A life (or 50-plus years) in 200-plus pages: when it's that of much-heralded San Francisco chef Crenn, the first woman to be awarded three Michelin stars, every page packs an eventful story. This deep, hearty, and authentic memoir opens with with Crenn's very beginnings in France, where she was adopted as a toddler by well-to-do parents. Her cravings to cook were evident early, first as a substitute for her maman (when her mother was hospitalized), and second, as a summertime sandwich maker. After her career was first nurtured by master chef Jeremiah Tower (of San Francisco's Stars), like many a peripatetic chef before her, Crenn wandered through stints in Los Angeles and Jakarta before returning to the city by the Bay. Crenn is clear about the issues facing women who work in the culinary world--and is always an advocate for the different and the unusual. With her facing a diagnosis of an aggressive form of breast cancer at book's end, readers of all ages and genders will wish her the very best. Spirited and inspiring.Women in Focus: The 19th tin 2020

From Booklist, Copyright (c) American Library Association. Used with permission.
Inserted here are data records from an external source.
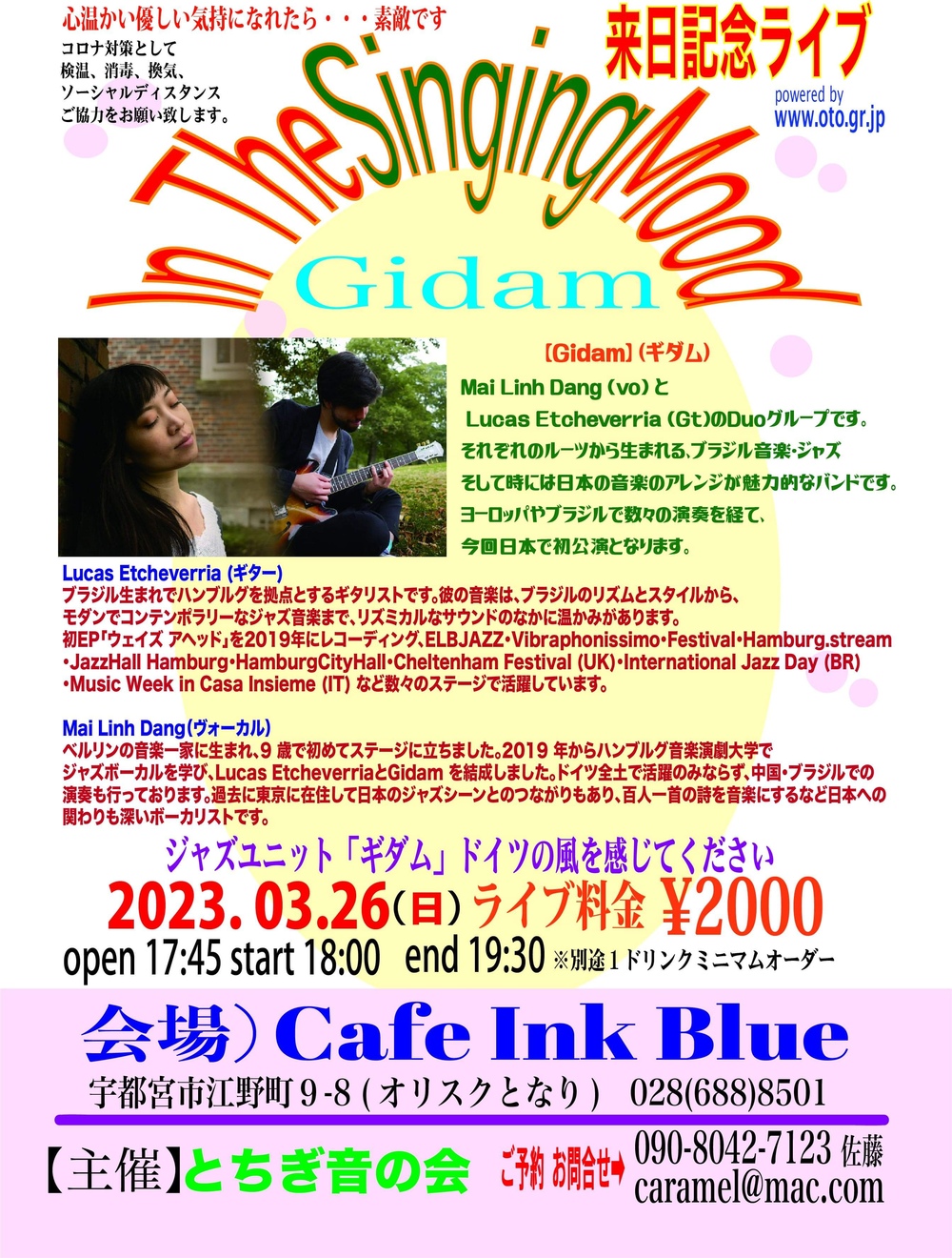 Mai Linh Dang (voc) と Lucas Etcheverria (git)のDuoグループの「Gidam」の音楽は、彼女らのルーツから生まれる、ブラジル音楽・ジャズ・そして時には日本の音楽のアレンジが魅力的なバンドです。ヨーロッパやブラジルで数々の演奏を経て、今回日本で初公演となります。
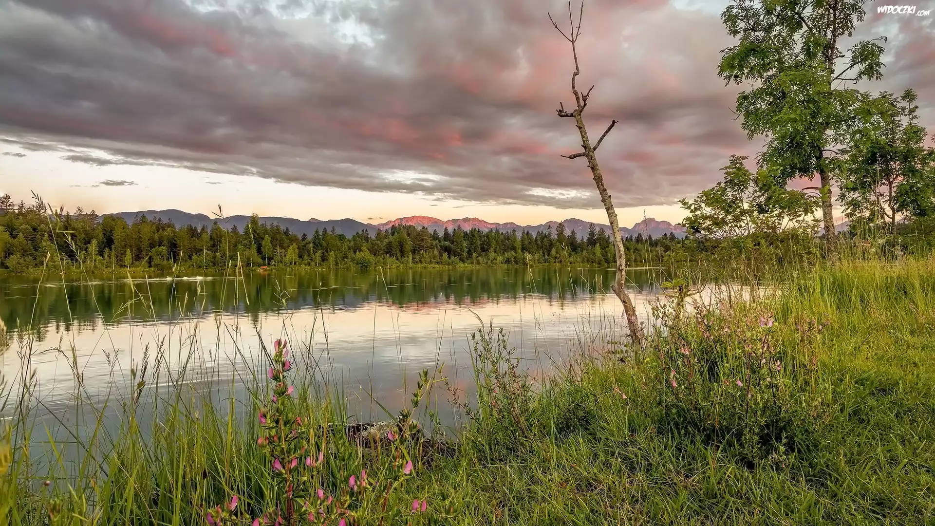 Zdjęcia, Rzeka, Drzewa, Kwiaty, Trawa, Góry
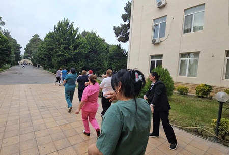 Əvvəlcə, təlimin nəzəri hissəsində FHN-in əməkdaşları tərəfindən xəstəxananın kollektivinə fövqəladə hallar, o cümlədən yanğınlar zamanı zəruri davranış qaydaları, təxliyə tədbirləri barədə ətraflı məlumat verilib, bu barədə videoçarxlar nümayiş etdirilib.
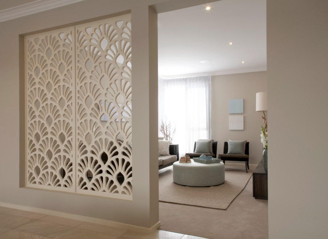 Interroom partitions from drywall can perform not only the role of dividing open space or room zoning, but also to solve additional functional tasks or simply decorate the room.
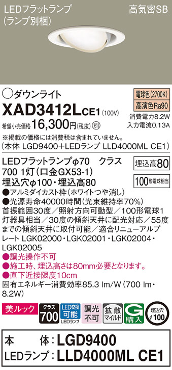 Panasonic ¥À¥¦¥ó¥é¥¤¥È XAD3412LCE1
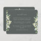 A dark grey green flat wedding reception enclosure card featuring an edging of hand painted snowberries and eucalyptus on the front and a wreath on the back of the card. All text is fully editable and the scattered dots on the front and back can be deleted before ordering if you would prefer. This card is available with alternative botanical designs, in a portrait format, and in different colours. Please view the Collection in my store to see all options and coordinating items.
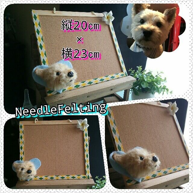 羊毛フェルトを使用し、ペットのお顔をお作りし、コルクボードにお付けする商品になります。
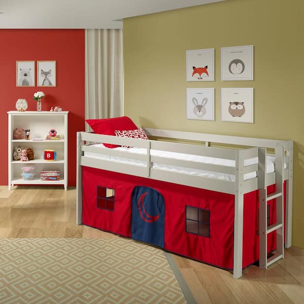 Jasper Twin Junior Loft Bed, Dove Gray Frame and Red/Blue Bottom Playhouse Tent
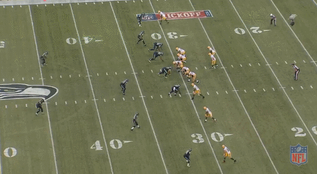 The tight end Andrew Quarless (green) occupies Bobby Wagner (#54) in the middle of the field before his route draws in Earl Thomas (#29) on the right.
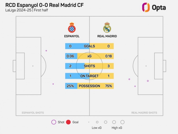 半场0-0!皇马上半场仅3射门,追平本赛季客场上半场最少纪录 2月2日讯 皇马在本轮西甲客战西班牙人,两队上半场0-0战平。数据统计显示,皇马在本场上半场仅射门3次,追平本赛季各项赛事上半场射门最少纪录。 2025/02/02

Review by Publisher's Weekly Review

French-born, San Francisco--based chef Crenn, owner of Michelin-starred Atelier Crenn (also the title of her 2015 cookbook) and two other Bay Area restaurants, delivers an empowering memoir that celebrates female entrepreneurship. Crenn, born in 1965, was adopted at six months old by loving parents and raised in the suburbs of Paris and on her grandmother's farm in Brittany, a place that ignited her passion for cooking. She talks of, as a woman, getting a "cold reception" from cooking schools in her native country, and, in 1989, moving to San Francisco, going to gay bars, and working in kitchens. She was 45 when she opened her first restaurant, Atelier Crenn: "Sometimes I get the sense that women over forty aren't even supposed to be visible. Well, with respect, screw that." Throughout, Crenn highlights her passion for organic ingredients (she makes sure her staff "has a chance to get out to the farm and reconnect with ingredients at a mineral level") and celebrates her French culinary roots. Crenn talks of her achievements, among them preparing a dish for French president Emmanuel Macron, and of dealing with setbacks such as a breast cancer diagnosis (to which she responds: "I'm a warrior!"). This enthusiastic memoir will thrill foodies and inspire hopeful chefs. (June)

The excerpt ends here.